Warum eine Marke heute beides braucht

Du brauchst beides, weil Nutzer inzwischen zwischen zwei Verhaltensweisen wechseln, manchmal in derselben Sitzung. Manche tippen weiter eine Suchanfrage, überfliegen Links und klicken, andere fragen einen Assistenten und handeln nach der Antwort, ohne je eine Trefferliste zu öffnen. Optimierst du nur auf gerankte Links, bist du im zweiten Verhalten unsichtbar, selbst wenn deine klassischen Rankings gut aussehen.

Behandle SEO als die haltbare Basisschicht und GEO als die Antwortschicht darüber. Starker, vertrauenswürdiger, gut strukturierter Content hilft meist beidem: Er rankt und gibt KI-Engines sauberes Material zum Zitieren. Trotzdem musst du das Ergebnis auf beiden Seiten prüfen, denn gut ranken garantiert nicht, dass du in einer Antwort genannt wirst.

Praktisch heißt das: Miss beides. Beobachte weiter Rankings und Traffic und prüfe getrennt davon, ob ChatGPT, Perplexity oder Google AI Overviews dich für die Prompts deiner Käufer tatsächlich nennen und zitieren. Ein Tool wie CitePeak verfolgt diese KI-Seite über mehrere Engines hinweg und macht daraus einen Score mit priorisierten Fixes, damit du die Lücke siehst und schließt.

FAQ

Ersetzt GEO das klassische SEO?+

Nein. Beide optimieren auf unterschiedliche Ergebnisse: SEO auf gerankte Links, GEO darauf, in KI-Antworten genannt und zitiert zu werden. KI-Engines greifen weiter stark auf das offene Web zu, also stützt starkes SEO meist auch GEO. Die meisten Marken brauchen beides statt eines Tauschs.

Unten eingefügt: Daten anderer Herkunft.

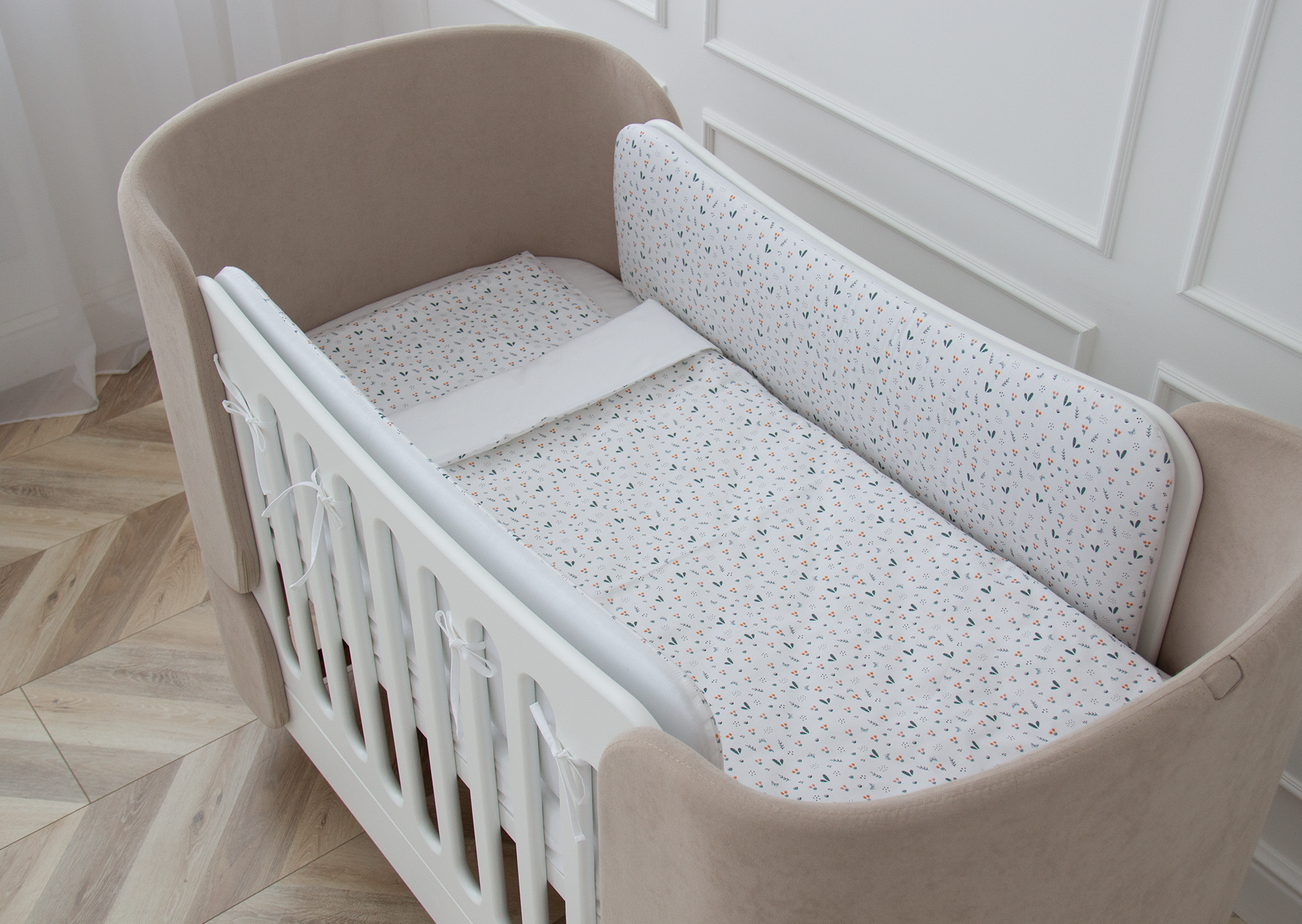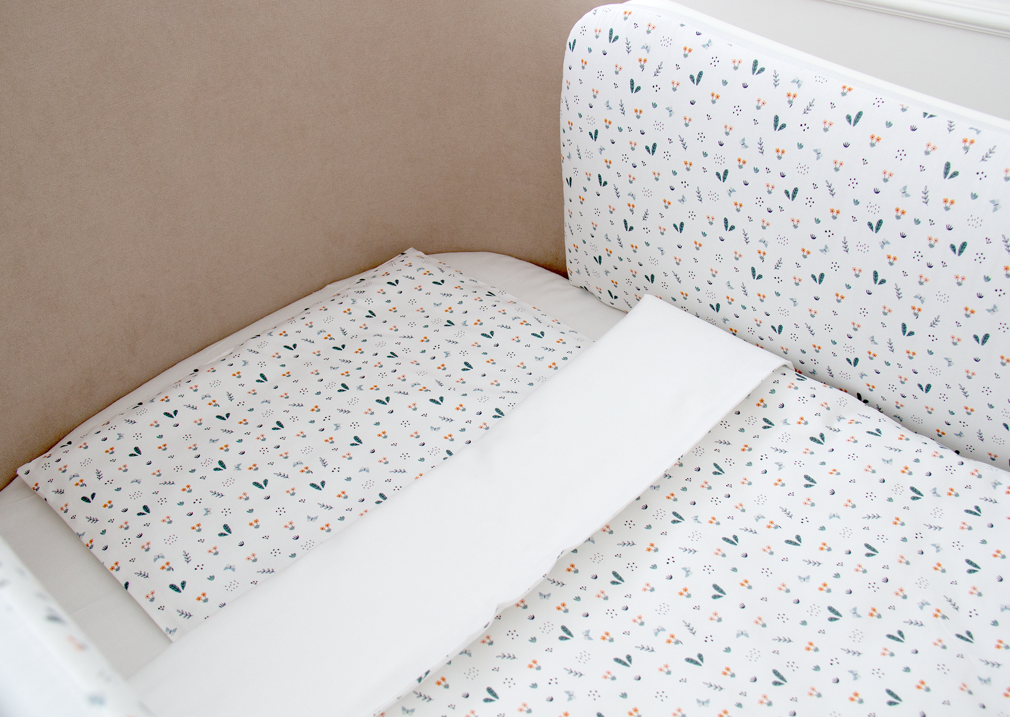 Постельное бельё в детскую кроватку «Цветочки веточки» (сатин). Состав: наволочка 40*32 см, пододеяльник 90*110 см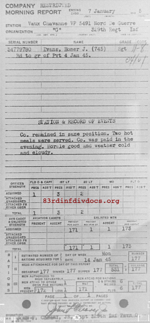 Co remained in same position. Two hot meals were served. Co was paid in the evening. Morale good and weather cold and cloudy.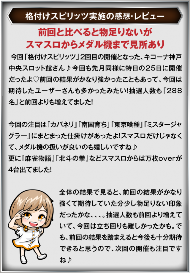 8月25日(月) キコーナ神戸中央スロット館にて、DMMぱちタウンの「格付けスピリッツ」を実施。

Sorgt gutes SEO automatisch dafür, dass ich in KI-Antworten genannt werde?+

Es hilft, garantiert es aber nicht. Klare, autoritative, gut strukturierte Seiten geben Engines sauberes Material zum Zitieren, doch gut ranken ist nicht dasselbe wie in einer erzeugten Antwort genannt zu werden. Du musst die KI-Seite direkt prüfen, denn Ergebnisse variieren je nach Prompt und Engine.

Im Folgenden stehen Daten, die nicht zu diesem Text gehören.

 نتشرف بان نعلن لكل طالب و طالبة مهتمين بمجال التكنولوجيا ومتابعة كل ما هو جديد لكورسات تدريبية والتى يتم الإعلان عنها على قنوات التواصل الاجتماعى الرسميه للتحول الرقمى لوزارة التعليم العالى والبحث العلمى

Wie messe ich GEO-Erfolg, wenn es keine Ranking-Position gibt?+

Du verfolgst Sichtbarkeit statt oder neben der Position: ob deine Marke in Antworten auftaucht, wie oft, in welcher Rolle und mit Quellenangabe, über Engines wie ChatGPT, Perplexity oder Google AI Overviews hinweg. Tools, die das beobachten, machen daraus einen Score, den du über die Zeit verfolgst.